Or an array of zero, one or more elements.
=back
Note that an input-array which COINCIDENTLY SOME TIMES has one element
(but more other times), and that element is an array-ref, you will
probably not get the expected result.
To check distribution:
perl -MAcme::Tools -le 'print mix("a".."z") for 1..26000'|cut -c1|sort|uniq -c|sort -n
The letters a-z should occur around 1000 times each.
Shuffles a deck of cards: (s=spaces, h=hearts, c=clubs, d=diamonds)
perl -MAcme::Tools -le '@cards=map join("",@$_),cart([qw/s h c d/],[2..10,qw/J Q K A/]); print join " ",mix(@cards)'
(Uses L</cart>, which is not a typo, see further down here)
Note: C<List::Util::shuffle()> is approximately four times faster.
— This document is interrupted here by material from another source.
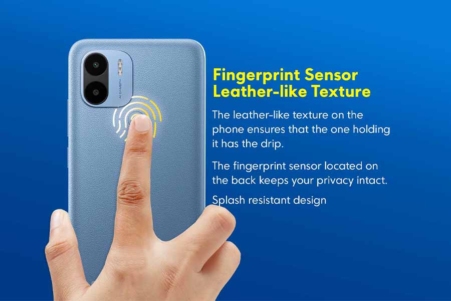 The Poco C51 has a design that is very identical to the Redmi A2+. Here as well, you get a leather-like texture on the back as well as a fingerprint sensor. With a thickness of 9.1mm and a weight of 191g, the phone is quite big and hefty. It is available in two colors: Power Black and Royal Blue.

Both respects the Perl built-in C<srand()>.
=cut
C<gzip()> is really just a wrapper for C< Compress:Zlib::memGzip() > and uses the same
compression algorithm as the well known GNU program gzip found in most unix/linux/cygwin
distros. Except C<gzip()> does this in-memory. (Both using the C-library C<zlib>).
writefile( "file.gz", gzip("some string") );
=head2 gunzip
B<Input:> A binary compressed string or a reference to such a string. I.e. something returned from
C<gzip()> earlier or read from a C<< .gz >> file.
B<Output:> The original larger non-compressed string. Text or binary.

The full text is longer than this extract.